(Beginning of Dataset content)
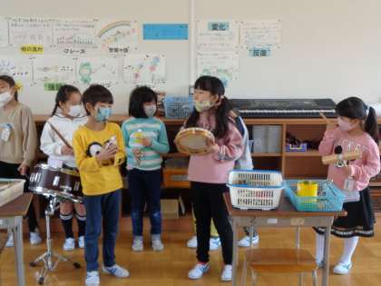 グループで歌や楽器の練習をするのも上手になってきました。今日は、「かぼちゃ」を演奏しました。
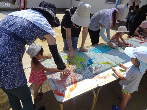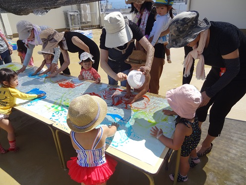 9月6・7日(火・水)はベランダで絵の具あそびを楽しみました。
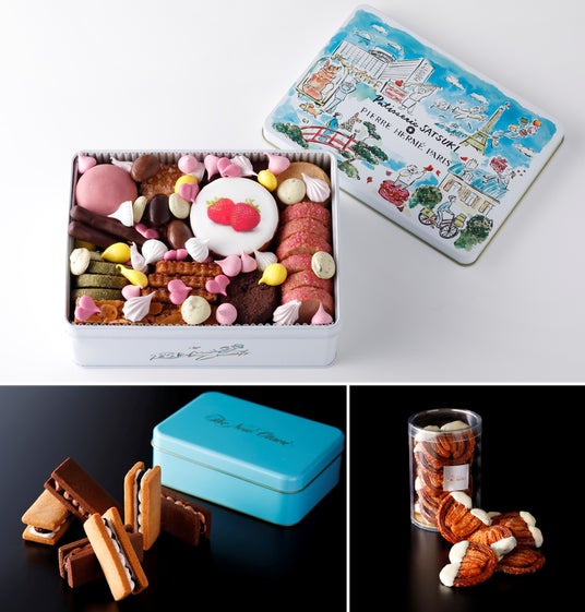 5種のチョコレートに、アールグレイクッキーやサブレバニラをはじめ、個性あるフレーバーのクッキーに、カラフルなメレンゲが鮮やかな青缶に詰められた『SATSUKIチョコレート&クッキー』。新年の挨拶にふさわしい「迎春」、2025年の干支「巳」が描かれたクッキーを盛り込んだ、「お年賀」バージョンが新たに登場します。一年の始まりに、ご家族・ご親戚や大切な人へ、パティシエが丹精込めて作り上げた極上スイーツを手土産に、ご挨拶に行くのはいかがでしょう。
(End of Dataset content)
#### [Problem description]
All lines from the line containing "9月6・7日(火・水)はベランダで絵の具あそびを楽しみました。" through the end of the listing above are to be given again exactly; pictures are not part of the copy.

#### [Answer]
 9月6・7日(火・水)はベランダで絵の具あそびを楽しみました。
 5種のチョコレートに、アールグレイクッキーやサブレバニラをはじめ、個性あるフレーバーのクッキーに、カラフルなメレンゲが鮮やかな青缶に詰められた『SATSUKIチョコレート&クッキー』。新年の挨拶にふさわしい「迎春」、2025年の干支「巳」が描かれたクッキーを盛り込んだ、「お年賀」バージョンが新たに登場します。一年の始まりに、ご家族・ご親戚や大切な人へ、パティシエが丹精込めて作り上げた極上スイーツを手土産に、ご挨拶に行くのはいかがでしょう。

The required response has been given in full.